Inside the final ten minutes, Gibson finally got by down the frontstretch, but Sedgwick retook the spot through Curva Grande.

It was part of an incredible three-lap span that saw the two unabashedly banging wheels, running side-by-side through Monza’s tight chicanes, and use every bit of the road in search of racing room.

Sedgwick and Gibson race door to door out of the first chicane.

Perhaps it was only inevitable that such a close battle wouldn’t stay that way for long. With three laps to go, the two drivers entered the turn-1 braking zone side by side, and while Gibson drove in deep, Sedgwick turned in to hit the apex and instead hit CoRe’s left rear corner.

The contact sent Gibson spinning for the second time in that corner during the race, and unlike their earlier incident in Porsche traffic, there was no hope of closing the gap with such little time left.

Their only hopes rested with the officials, who committed to a post-race review of the incident. Once that ruling was handed down, stewards noted that CoRe was “negligent” by missing the corner, but no penalty was handed to either team.

It was their closest challenge of the season, and they had to wait a few extra days before they could celebrate, but CraigSetupShop prevailed and extended their incredible winning streak despite rarely having the fastest car on track all afternoon.

CoRe crossed the line in second place for the fourth time this season, denying them a possibly deserved — but not earned on the track — victory.

The fight for third was also a close one in the late laps, and it came down to just a carlength for MSI’s David Pérez to edge Wied across the finish line. While MSI’s TCR team has run much of the season in the shadow of their undefeated 991 teammates, they have been consistent in their own right, with no finishes worse than sixth and now a podium to their credit at Monza.

Pérez runs in third place just ahead of Wied on the last lap.

The race for fifth also came to blows in the closing laps, as Chimera and Geodesic endured a door-banging, grass-clipping, kerb-hopping fight through the Variante della Roggia chicane inside the final 20 minutes.

Chimera’s Jamie Wilson came out ahead in that scuffle, and a further ruling by officials deemed Ollivierre responsible for the initial contact, although he was not penalized and ended in sixth.
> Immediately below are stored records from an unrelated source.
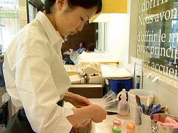 お菓子を袋に入れ、リボンをつけてかざる仕事もあります。袖山さんは吹奏楽をやっていて、フルートを買ったので、そのお金のためにアルバイトしています。お金をお母さんに少しずつ返します。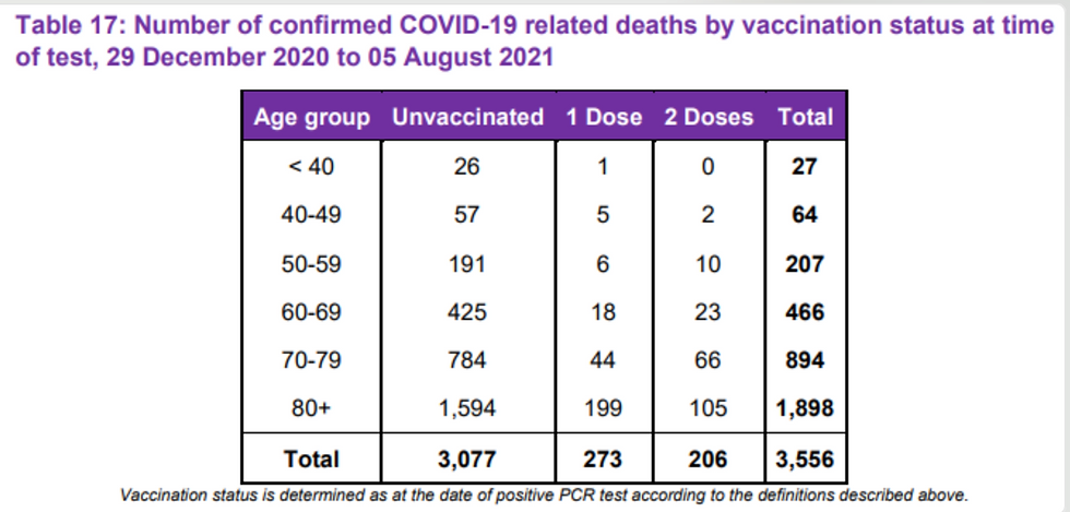It is widely accepted due to a study carried out early on in the alleged Covid-19 pandemic that the average time from infection with Covid-19 to death is around 18.5 days. Therefore, if we take the confirmed infections around 18 days prior to the week of 29th July to the 5th August we can work out the death rate in the population categorised by vaccination status.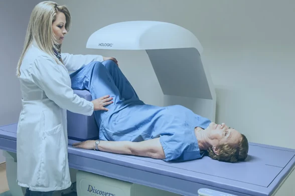 É um exame de imagem que mede a densidade mineral óssea, avaliando a massa óssea em regiões como coluna lombar e fêmur.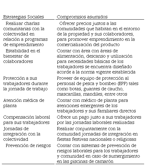 Durante el proceso de análisis de responsabilidad social que tienen las empresas camaroneras de la provincia de El Oro, se determina que no todas cumplen con los requisitos establecidos para el efecto, por lo general la mayoría de ellas cumplen esporádicamente con los requisitos que establecen las diferentes normativas internacionales, siendo la mayoría de las empresas que trabajan bajo un marco específico durante el proceso de producción del camarón. Así mismo, cumplen a nivel medio con sus obligaciones laborales y la ética que les permite trabajar bajo un nivel de responsabilidad social en referencia a la protección de sus empleados, el ecosistema y la comunidad.

Apex Racing Team was within sight of the leaders for much of the race, but couldn’t quite close the gap and finished a relatively lonely seventh with no other TCRs around them.

Satellite’s Karoni appeared to be cruising toward a fifth-place result, but his role in contact that spun the Huber Racing E-Sports Porsche and nearly collected the 991 leaders from MSI earned a post-race time penalty of 65 seconds, which dropped the #112 car to eighth.
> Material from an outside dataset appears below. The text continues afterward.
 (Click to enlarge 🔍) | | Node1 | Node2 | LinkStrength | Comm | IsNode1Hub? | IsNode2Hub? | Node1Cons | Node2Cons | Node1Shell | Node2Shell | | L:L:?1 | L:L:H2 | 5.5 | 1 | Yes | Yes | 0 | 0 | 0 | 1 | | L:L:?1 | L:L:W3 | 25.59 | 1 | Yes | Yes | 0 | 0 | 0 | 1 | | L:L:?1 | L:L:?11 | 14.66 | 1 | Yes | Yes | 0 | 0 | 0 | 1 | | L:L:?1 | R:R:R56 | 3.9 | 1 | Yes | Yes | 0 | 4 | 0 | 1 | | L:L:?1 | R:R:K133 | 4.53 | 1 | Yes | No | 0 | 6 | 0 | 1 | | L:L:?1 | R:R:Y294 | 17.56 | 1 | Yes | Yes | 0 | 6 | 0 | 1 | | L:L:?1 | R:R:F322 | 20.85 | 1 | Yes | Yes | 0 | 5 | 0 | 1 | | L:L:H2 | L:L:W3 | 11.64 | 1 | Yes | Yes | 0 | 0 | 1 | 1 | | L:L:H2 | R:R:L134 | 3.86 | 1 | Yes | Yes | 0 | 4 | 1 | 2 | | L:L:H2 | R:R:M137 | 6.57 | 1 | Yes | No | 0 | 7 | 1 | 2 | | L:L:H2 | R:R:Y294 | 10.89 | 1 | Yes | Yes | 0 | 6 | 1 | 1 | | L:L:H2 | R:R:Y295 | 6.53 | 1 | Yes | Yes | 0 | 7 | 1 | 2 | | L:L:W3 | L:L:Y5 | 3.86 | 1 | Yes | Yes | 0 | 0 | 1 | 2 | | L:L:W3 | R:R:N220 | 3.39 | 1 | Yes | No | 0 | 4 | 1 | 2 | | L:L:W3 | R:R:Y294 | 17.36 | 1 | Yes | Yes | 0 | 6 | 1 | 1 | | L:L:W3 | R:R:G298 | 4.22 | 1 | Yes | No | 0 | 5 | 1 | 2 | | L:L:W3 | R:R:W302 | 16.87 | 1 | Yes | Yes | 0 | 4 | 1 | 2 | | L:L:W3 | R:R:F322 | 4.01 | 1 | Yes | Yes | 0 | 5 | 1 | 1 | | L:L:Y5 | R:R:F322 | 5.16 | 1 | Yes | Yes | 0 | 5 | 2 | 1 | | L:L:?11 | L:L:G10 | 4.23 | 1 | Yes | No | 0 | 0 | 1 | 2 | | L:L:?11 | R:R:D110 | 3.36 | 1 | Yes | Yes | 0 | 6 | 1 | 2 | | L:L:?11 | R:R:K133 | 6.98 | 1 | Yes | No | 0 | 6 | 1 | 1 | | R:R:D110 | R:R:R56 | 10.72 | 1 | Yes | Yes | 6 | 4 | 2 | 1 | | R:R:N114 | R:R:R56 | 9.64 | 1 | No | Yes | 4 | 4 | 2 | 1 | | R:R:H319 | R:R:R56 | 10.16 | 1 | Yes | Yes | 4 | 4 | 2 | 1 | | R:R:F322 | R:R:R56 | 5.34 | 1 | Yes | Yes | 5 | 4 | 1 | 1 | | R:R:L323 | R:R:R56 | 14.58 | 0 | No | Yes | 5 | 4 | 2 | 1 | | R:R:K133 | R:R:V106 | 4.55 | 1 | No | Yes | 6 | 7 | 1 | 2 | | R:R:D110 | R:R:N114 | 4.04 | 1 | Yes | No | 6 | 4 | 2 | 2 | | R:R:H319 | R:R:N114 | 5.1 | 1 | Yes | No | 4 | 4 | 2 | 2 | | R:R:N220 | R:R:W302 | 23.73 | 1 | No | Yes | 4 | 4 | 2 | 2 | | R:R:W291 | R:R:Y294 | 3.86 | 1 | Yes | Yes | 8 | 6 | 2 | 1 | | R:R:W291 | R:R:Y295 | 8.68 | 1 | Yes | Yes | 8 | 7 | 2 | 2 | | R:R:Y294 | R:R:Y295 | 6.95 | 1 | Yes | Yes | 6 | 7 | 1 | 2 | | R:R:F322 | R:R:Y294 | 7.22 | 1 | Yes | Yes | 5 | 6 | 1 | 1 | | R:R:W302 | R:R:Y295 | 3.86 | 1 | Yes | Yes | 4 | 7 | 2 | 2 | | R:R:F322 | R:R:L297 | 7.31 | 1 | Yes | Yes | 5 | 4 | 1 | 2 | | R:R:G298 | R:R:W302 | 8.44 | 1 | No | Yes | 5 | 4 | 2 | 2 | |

A pair of incidents in the first hour for Beau Albert kept Altus buried near the back of the field, and teammate Alexander Lauritzen struggled to claw back positions late in the race, leaving them in ninth.
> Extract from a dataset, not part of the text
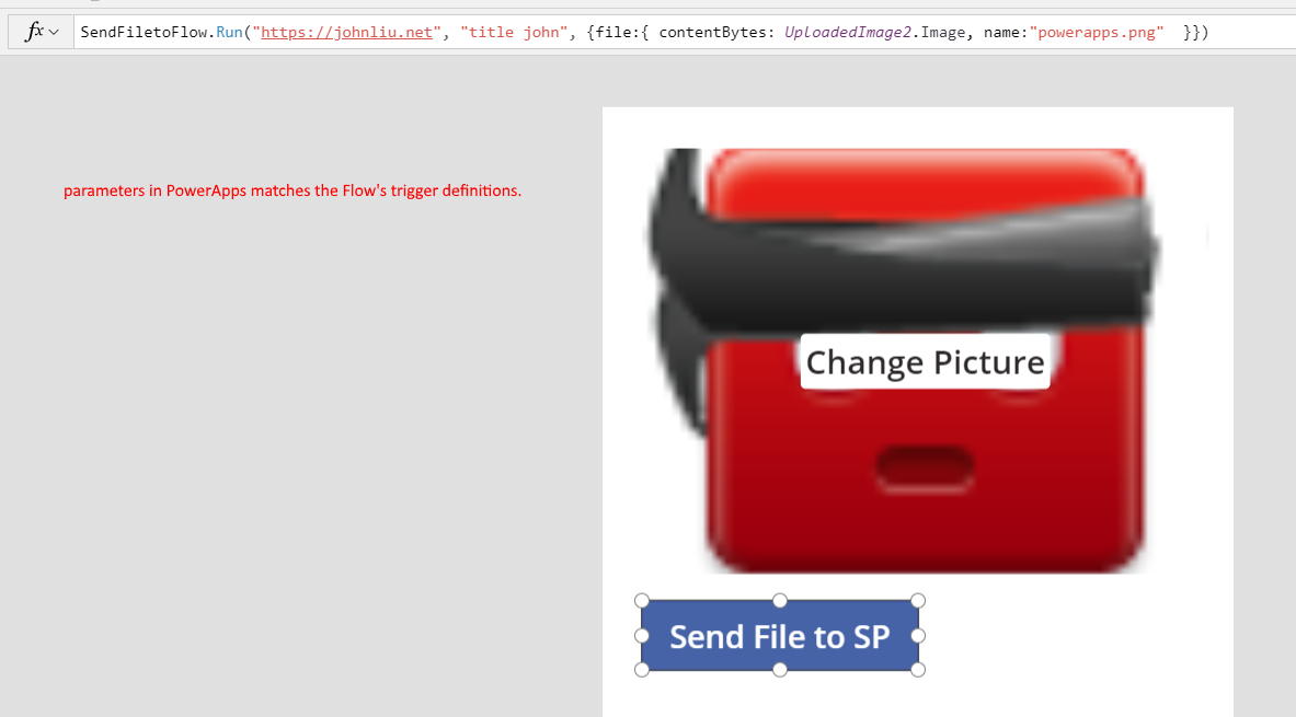 This is the first method - we can send PowerApps’ Camera to Flow via a built in dataUriToBinary() expression. But it doesn’t work for Add Picture from device gallery. We also can’t use this method for sending files - documents, zip, sound, movie clips.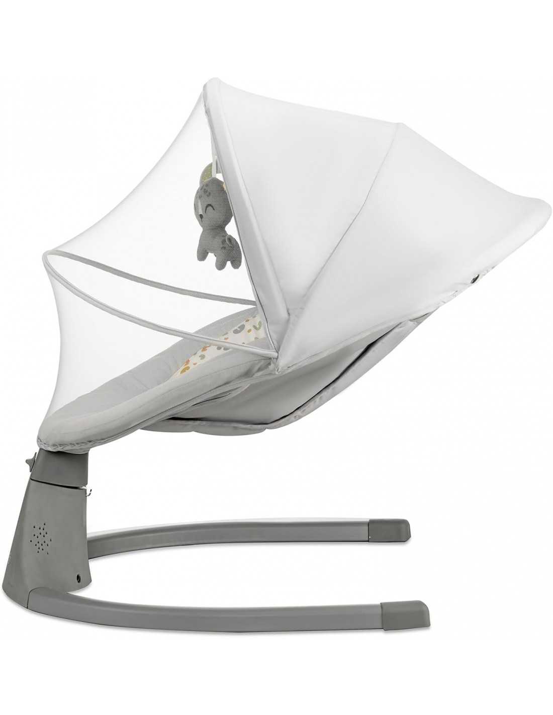 LUMI 2 provides technological support for parenting – you can connect it to a power socket or use batteries for cordless operation. It features a convenient control panel, which you can use to set the rocking speed (five speeds), choose one of 12 melodies, or set the timer (8, 15 or 30 minutes). It also has a practical remote control, thanks to which you can control the rocker. LUMI 2 also comes with a sun shade with two toys, and a mosquito net for when you want to relax with your little one outdoors.

Altus runs amid traffic en route to a top ten finish.

It was also a long afternoon for Torque Freak Racing. Among the first teams to lose the lead draft, their trio of Tim Claessens, James Ewens, and Georg Gruber soldiered on for a tenth-place result.

And while their position as the last car classified may not warrant many accolades, Team MAD certainly deserves credit for adapting to some difficult circumstances and still completing all six hours. Scheduling issues and illness sidelined their usual drivers, so commentator Paul Smith and chief engineer Maciek Sakowicz stepped up to keep the #136 on the grid and in the race.

The sole retirement in the 12-car TCR field was Williams after their second-stint tangle in traffic.

Contact certainly played a role in the race, from the back of the field to — especially — the front. The closest race this season in the TCR class didn’t disappoint, except perhaps to CoRe SimRacing.

But they’re still mathematically alive in the championship fight, and with one more race win on the line as well, we can only hope to see more of the same fender-bending action in next month’s season finale at Barcelona.